Omit pictures and quote the listing below line by line, from its start through the line that holds "Karneol är en".

GIVEN INFORMATION:
·····
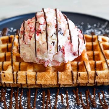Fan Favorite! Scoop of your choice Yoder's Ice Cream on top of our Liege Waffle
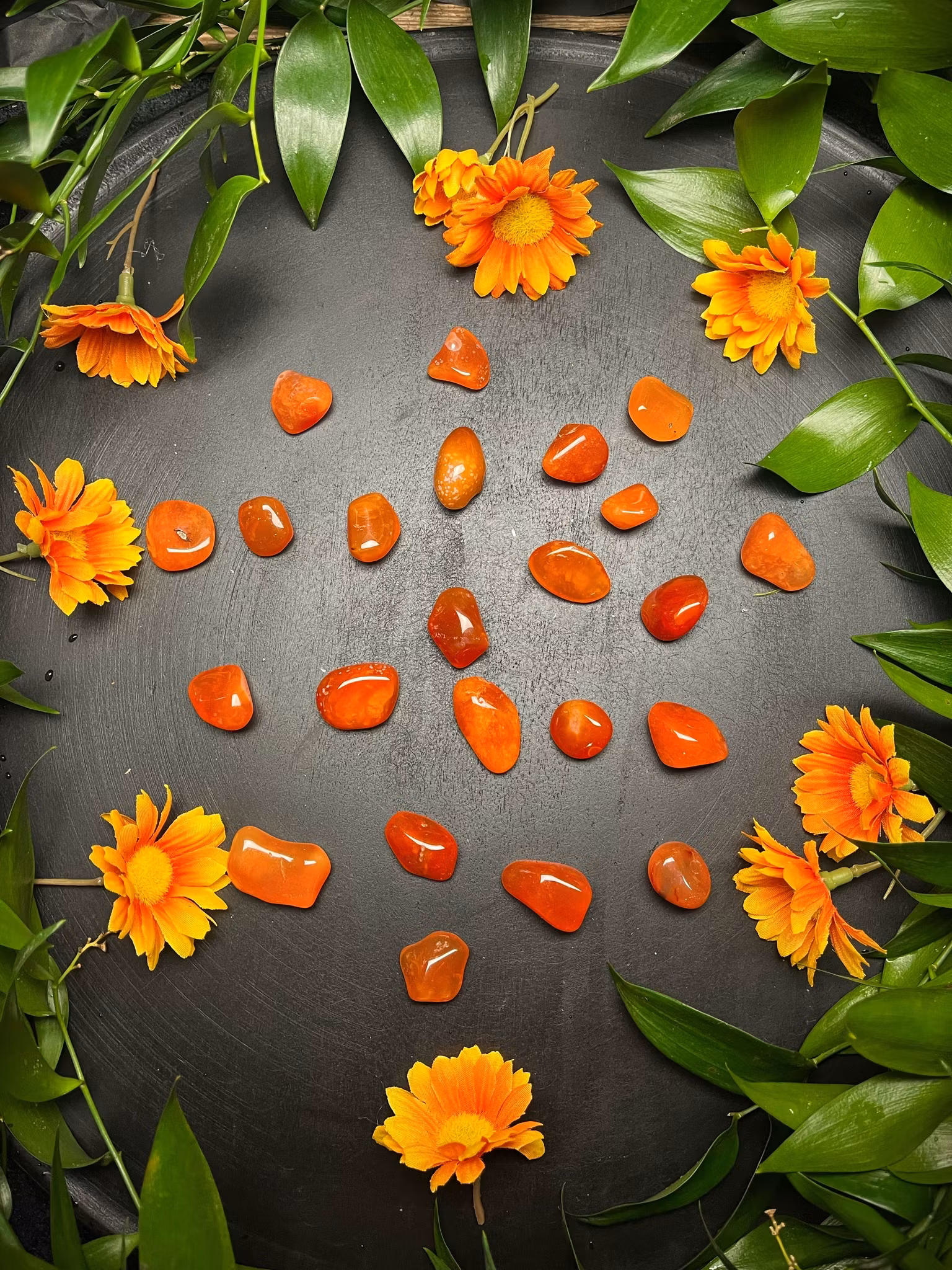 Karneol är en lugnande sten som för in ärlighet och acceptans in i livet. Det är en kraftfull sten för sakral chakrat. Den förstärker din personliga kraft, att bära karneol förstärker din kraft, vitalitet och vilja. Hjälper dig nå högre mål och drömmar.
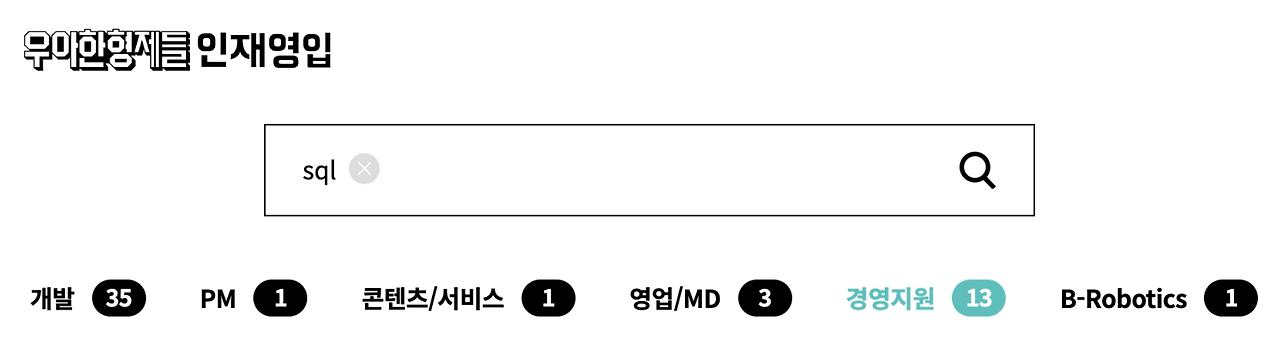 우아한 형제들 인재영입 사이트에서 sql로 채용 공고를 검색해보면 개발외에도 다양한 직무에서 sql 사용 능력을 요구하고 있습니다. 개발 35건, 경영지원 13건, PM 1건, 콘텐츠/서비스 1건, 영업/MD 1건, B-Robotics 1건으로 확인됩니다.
·····
OUTPUT FOR THIS TASK:
Fan Favorite! Scoop of your choice Yoder's Ice Cream on top of our Liege Waffle
 Karneol är en lugnande sten som för in ärlighet och acceptans in i livet. Det är en kraftfull sten för sakral chakrat. Den förstärker din personliga kraft, att bära karneol förstärker din kraft, vitalitet och vilja. Hjälper dig nå högre mål och drömmar.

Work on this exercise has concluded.